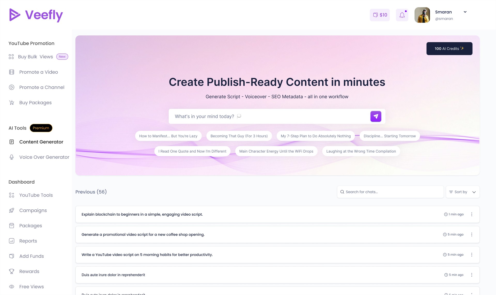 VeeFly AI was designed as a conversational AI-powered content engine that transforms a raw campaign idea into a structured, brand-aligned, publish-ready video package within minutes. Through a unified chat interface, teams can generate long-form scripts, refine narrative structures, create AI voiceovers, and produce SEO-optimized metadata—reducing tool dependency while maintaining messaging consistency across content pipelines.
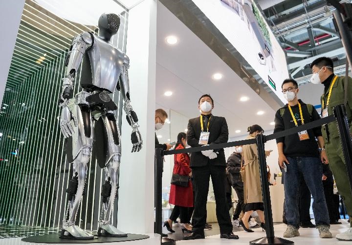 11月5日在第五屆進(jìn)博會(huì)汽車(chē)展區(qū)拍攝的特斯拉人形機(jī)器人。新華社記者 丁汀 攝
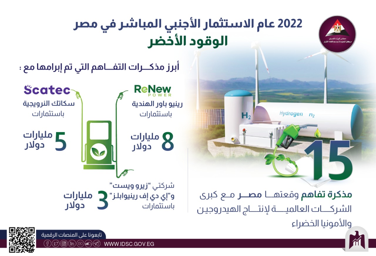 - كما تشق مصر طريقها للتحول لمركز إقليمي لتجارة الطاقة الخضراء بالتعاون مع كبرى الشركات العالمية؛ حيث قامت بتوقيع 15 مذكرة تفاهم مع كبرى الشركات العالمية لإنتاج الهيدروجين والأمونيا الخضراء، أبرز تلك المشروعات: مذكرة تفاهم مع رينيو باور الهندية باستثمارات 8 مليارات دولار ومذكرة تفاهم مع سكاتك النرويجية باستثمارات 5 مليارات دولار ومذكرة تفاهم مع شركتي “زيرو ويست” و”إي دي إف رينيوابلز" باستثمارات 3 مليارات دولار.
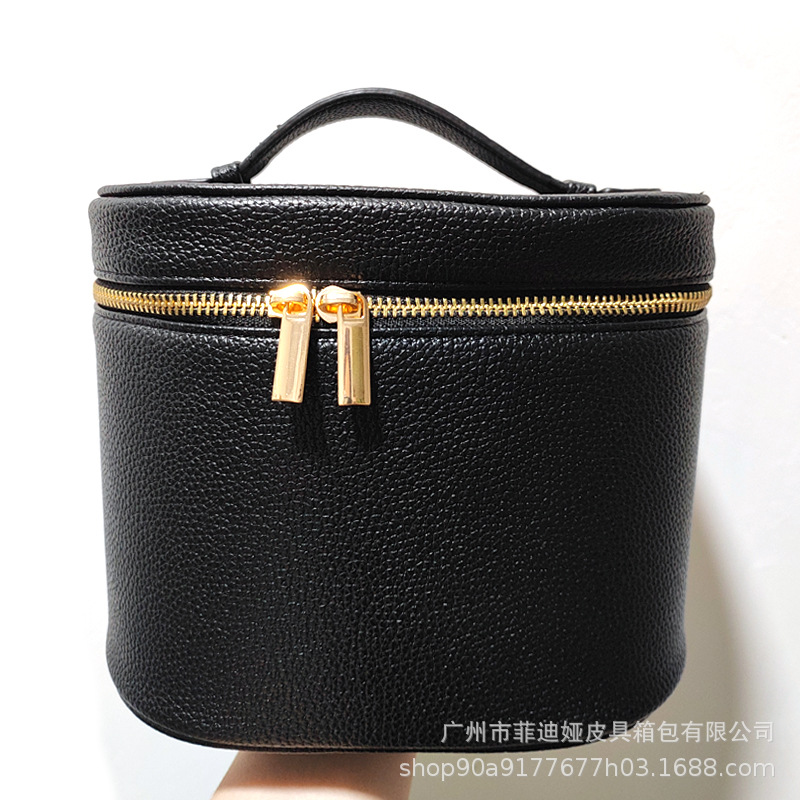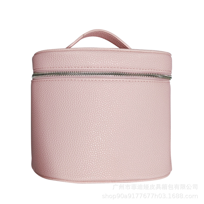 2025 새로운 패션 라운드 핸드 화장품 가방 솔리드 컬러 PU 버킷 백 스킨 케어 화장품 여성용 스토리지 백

──────────────────────────────

**Task instructions**. With the pictures left out, output exactly the lines that begin at the line containing "- كما تشق مصر" and end at the last line of the material.

**Problem solution**.
 - كما تشق مصر طريقها للتحول لمركز إقليمي لتجارة الطاقة الخضراء بالتعاون مع كبرى الشركات العالمية؛ حيث قامت بتوقيع 15 مذكرة تفاهم مع كبرى الشركات العالمية لإنتاج الهيدروجين والأمونيا الخضراء، أبرز تلك المشروعات: مذكرة تفاهم مع رينيو باور الهندية باستثمارات 8 مليارات دولار ومذكرة تفاهم مع سكاتك النرويجية باستثمارات 5 مليارات دولار ومذكرة تفاهم مع شركتي “زيرو ويست” و”إي دي إف رينيوابلز" باستثمارات 3 مليارات دولار.
 2025 새로운 패션 라운드 핸드 화장품 가방 솔리드 컬러 PU 버킷 백 스킨 케어 화장품 여성용 스토리지 백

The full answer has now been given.